Dear Eric: Over the past decade, my husband and I have enjoyed dining out with friends, splitting the check evenly. Following our decision to embrace sobriety and forgo pricey drinks, we still divide the bill equally, which doesn’t seem fair. We value our friendship but are unsure how to broach this topic. We don’t want to appear cheap, yet we desire fairness. Is it appropriate to suggest paying for our own meals and drinks in the future? — Sober Diner
Dear Diner: After a long period of sharing expenses, splitting the bill goes beyond money and becomes a gesture of goodwill. Your sudden change may catch your friends off guard and stir up potential inequalities. If this affects your sobriety or friendship, it’s important to communicate. Rather than framing it as a matter of fairness, explain your decision and preference not to pay for alcohol. This should be easy for them to understand.

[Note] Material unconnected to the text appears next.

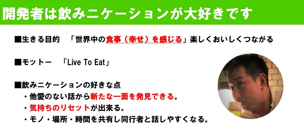 今回のサービスは、私の好きな「食事」×課題に感じている「コミュニケーション」で、「誰と」のコミュニケーションの部分にフォーカスをして誰かと飲んで話すことで、食事の楽しさを感じる機会を増やし、結果として会社のコミュニケーションの活性化ができるなら、こんないいことはない!と考えて作りました。

Dear Eric: I recently expressed bias against severely overweight individuals to my friends. I find the normalization of obesity distasteful and believe it is neither healthy nor commendable. Despite being moderately overweight myself, I despise it and have faced challenges in my career due to my weight. Am I in the wrong? — Sizing Up Others
Dear Sizing: Yes, but… YES. Your fixation on others’ weight stems from societal standards and industry pressures that promote thinness as superior. Work on self-acceptance to alleviate these feelings and reduce judgment towards others. It’s a challenging process, but essential for personal well-being.